Somut olayda, davacı taraf murisleri adına düzenlenmiş 2 adet Y. Gıda Sanayi ve Ticaret A.Ş Hisse Devir ve Kabul Sözleşmesi, 3 adet Y. Yozgat İhtiyaç Maddeleri Pazarlama ve Tic. A.Ş. Hisse Senedi, 1 adet Y. Holding A.Ş. Hisse Devir ve Kabul Sözleşmesi ile 2 adet Y. Holding A.Ş’ye ait İştirak Taahütnamesine dayanarak istirdat isteminde bulunulmuş, mahkemece, sadece Y. Holding A.Ş’ye ait 2 adet İştirak Taahütnamesinin davalı şirket kayıtlarında bulunmaması nedeniyle söz konusu iştirak taahütnemeleri nedeniyle ödenen paranın iadesi istenebileceği, aynı şirkete ait Hisse Devir Sözleşmesinde dava dışı hissedar ile hisse devir sözleşmesi yapıldığı, devrin şirket tarafından benimseninmeyip pay defterine kaydedilmediği, diğer Hisse Devir sözleşmeleri yönünden ise ortaklığın pay kazanımını benimseyerek karar gereğini yerine getirdiği gerekçesiyle, sadece Yimpaş Holding İştirak Taahütnamesine ilişkin talebin kabulüne diğer talepler yönünden davanın reddine karar verilmiştir. Emsal dosyalarda da belirtildiği üzere somut olayda öncelikle davacı murisinin sahih bir şekilde davalı şirketlere ortak olup olmadığının belirlenmesi gerektiğinden mahkemece bilirkişi kuruluna davalıların tüm ticari defter ve kayıtları ve ayrıca hisse devir tarihlerinden dava tarihine kadar davalı şirketlerin yapmış olduğu genel kurullara ait tutanaklar ve hazirun cetvelleri incelettirilmek suretiyle davacı murisine verilen hisse senetlerinin bir değerinin bulunup bulunmadığı, bu hisselerin davalı şirketlerin sermayesinde temsil edilip edilmediği, davacı murisinin hisse devir aldığı şirketlerin devir tarihi itibariyle davalı şirketlerde ortak olup olmadığı, genel kurullarda sermayenin ne şekilde temsil edildiği hususlarının yeterince ve denetime elverişli bir şekilde açıklığa kavuşturulması gerektiği açıktır.
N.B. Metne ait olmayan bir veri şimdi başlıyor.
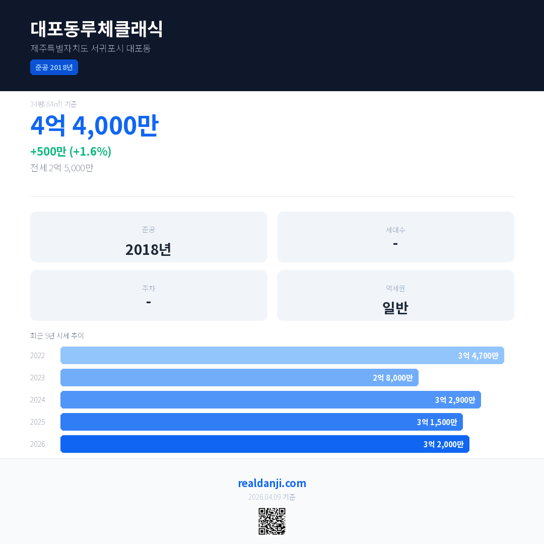 대포동루체클래식 국민평형 기준 2026년 평균 거래가는 3억 2,000만으로, 전년 대비 1.6% 상승 했습니다.

Bu bağlamda mahkemece davacı murisinin hisse devraldığı şirketlerin paylarının davalı şirketin sermayesi içinde temsil edilip edilmediği, hisse devreden kişi ve şirketlerin devir tarihi itibariyle hisselerini devrettiği şirketin ortağı olup olmadığı yeterince incelenmediği gibi, davalı şirketlerin sicil dosyaları tümü ile dosyaya ibraz edilmediğinden belirtilen hususun denetimi de yapılamamıştır.
Nitekim Dairemizden geçen emsal dosyalarda, bu kapsamda alınan son bilirkişi kurulu raporlarında şirket muhasebe kayıtlarında davacının pay sahibi olduğuna ilişkin bir kayda rastlanılmadığı, defterlerin mevcut durumu nazara alındığında pay sahipliği durumunun şirket kayıtlarından tespit edilemeyeceği belirlenmiştir.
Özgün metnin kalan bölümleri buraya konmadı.